A week earlier, family members had unearthed suspected graves and, in some cases found human remains. This time, under a new agreement with the attorney general's office, they only identify suspicious spots, planting small orange flags or leaving piles of stones as markers where federal investigators should excavate.

"For us, all of Iguala is a clandestine cemetery," said Claro Raul Canaan Ramirez, whose sons, 21-year-old Hiram Jafeh Canaan Avila and 24-year-old Omar Canaan Avila, disappeared Aug. 30, 2008, in Iguala. A cousin and an acquaintance with them were killed.

Canaan says locals led them to hillsides with suspected graves. He explains how he looks for depressions in the ground that are more or less the size of a body. He and the others probe for soft soil with steel rods, sometimes pulling them out and sniffing the tips. Beer bottles or signs of campsites could be another clue, because victims may have been held there before burial. Don't be dissuaded by rocks, they say, because at other gravesites, stones were piled atop the remains.

Previously, "I searched, but in my own way, by my own means," Canaan said. "But really when it's just one person against the world it is almost impossible."

After returning to their base at an Iguala church on Saturday, Canaan struggled to find volunteers to work the coming week. Each day they need someone at the church to speak to newly arriving relatives, and four or five others to accompany federal investigators into the mountains. Some relatives complain that they are tired and that a small number are shouldering too much of the burden, ignoring responsibilities at home. They say many other families came to the church for information, gave DNA samples and filed reports with authorities, but have not returned to help.

The relatives are angry that they must search for the missing themselves, yet they fear this chance to do so is fleeting, and don't want to let it pass.

"I have a lot of fury, a lot of hatred," said Maria Ines Roman Sandoval, who is looking for her 17-year-old son Marco Antonio Mendez Roman.

Since he disappeared in April 2013, Roman has sold nearly everything she owned — her stove, gas tank, bed, chickens and corn — and moved in with relatives in a crowded home on the outskirts of Iguala, where freshly made holiday pinatas hang on the patio to dry.
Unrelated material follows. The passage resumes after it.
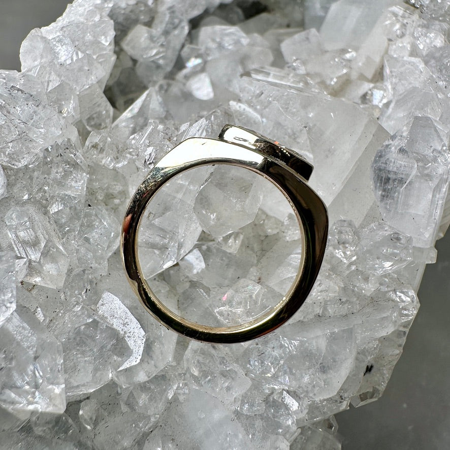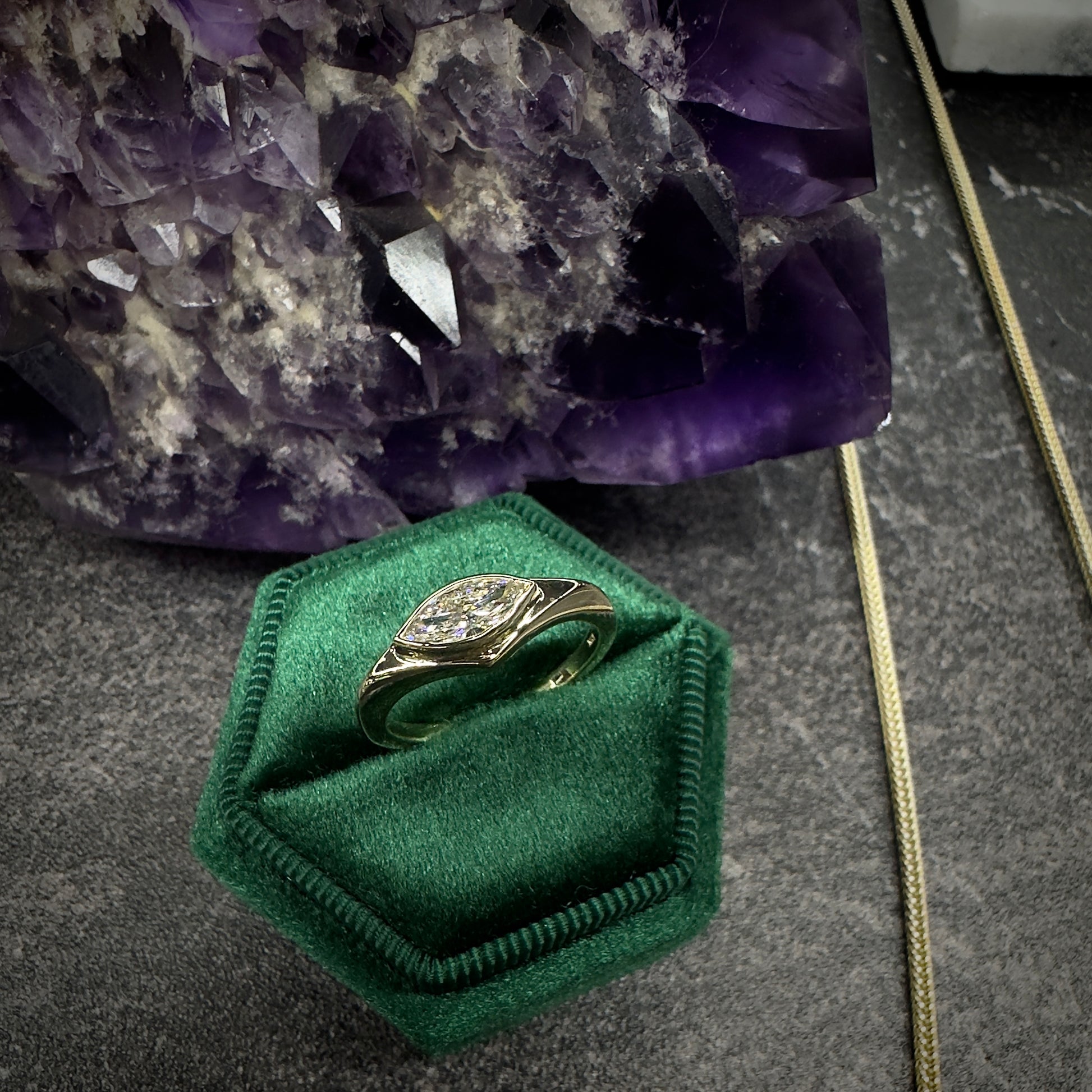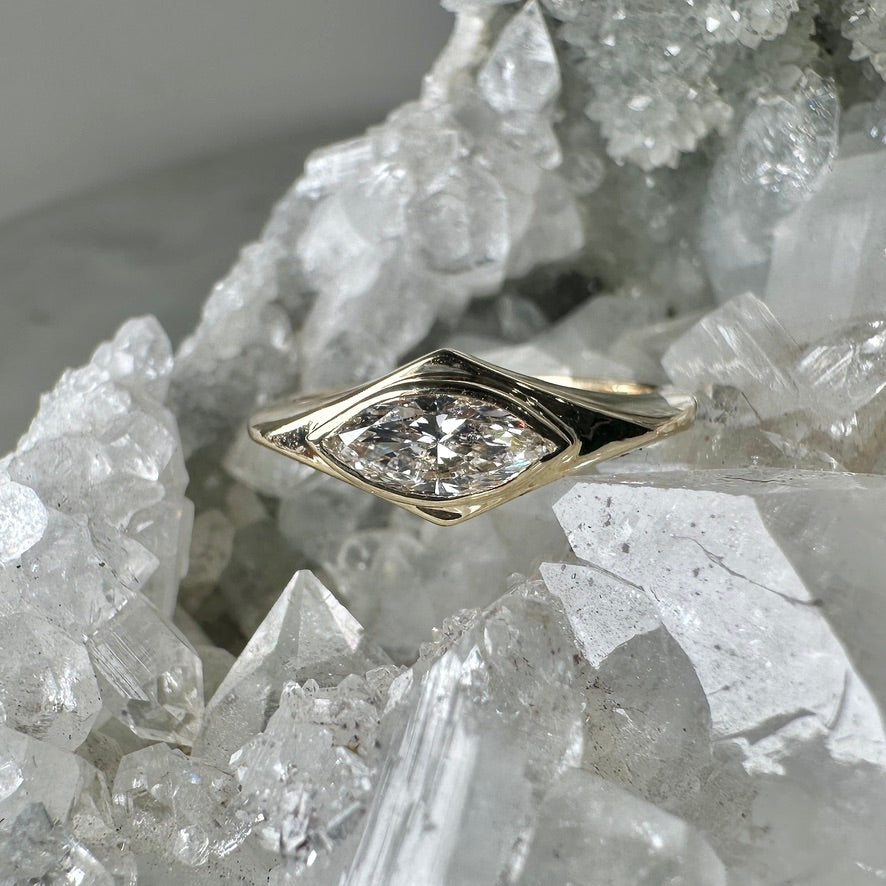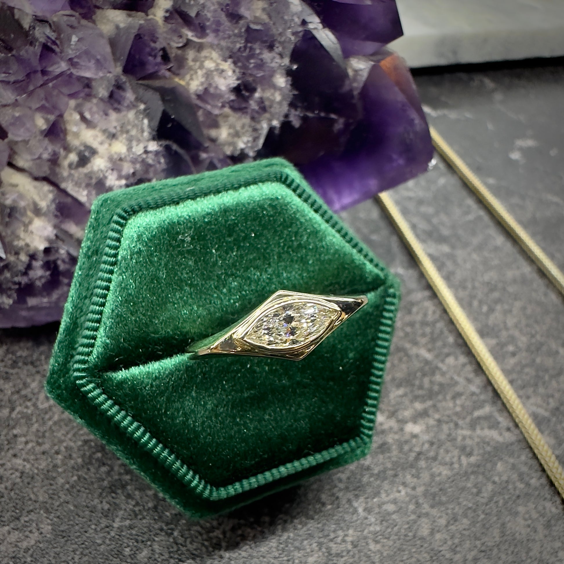 Indulge in the irresistible beauty of this exquisite ring, featuring a stunning .60 carat Lab Grown diamond in the classic Marquise shape. With a pristine F color and VS2 clarity, this ring is a true showstopper. Crafted from 100% recycled 14k yellow gold, this piece radiates both luxury and eco-friendliness. The timeless signet style design, featuring a sleek geometric design, exudes sophistication. Whether for an engagement, commitment, or everyday wear, this ring is the perfect choice. The bezel setting ensures maximum security while maintaining a chic minimalist look. Currently a size 7, this ring can be resized upon purchase for a perfect fit.

Now, Roman bends to clear rocks and poke the ground with her long stick, hoping to find something she can identify as her son's.

"I know his shoes. I know the shirt he was wearing. I know the pants he had on too," she says. "I am going to keep searching, I have to find answers."

For many, the digging follows months of combing hospitals, jails and morgues, and sometimes years of false hope.

Guillermina Sotelo Castaneda's farmworker son Cesar Ivan Gonzalez disappeared on Aug. 19, 2012 after driving her from Huitzuco, a town about 45 minutes from Iguala, to Cuernavaca. She never saw him again, although she still pictures him leaving for work in the morning with a small water jug slung over his shoulder, a backpack and a machete. She sees him coming through the front door with armfuls of tomatoes, squash or limes, whatever he had harvested that day.

Months after filing the initial report of his disappearance, she went back to police to find they had no record of the case. She and her husband have lived the U.S. for more than a decade, but send family members to the local morgues in Chilpancingo, Iguala and Cuernavaca anytime unidentified remains show up. So far, none belong to her son.

Two weeks ago, after watching news reports of bodies discovered in the mountains around Iguala, Sotelo, 54, bought a one-way ticket from her home in North Carolina back to Mexico to resume her search.

Even as she digs in the dirt for her son's remains two years after he disappeared, Sotelo admits that she continues to make payments on a motorcycle he bought, because she knows how much he loved it and because it would break her heart if it was repossessed. And as long as this opportunity to search lasts, Sotelo says she will continue. In her mind, until she can bury her son he is still alive.

"One has to overcome the fear, because if not who is going to look for our children?" Sotelo said.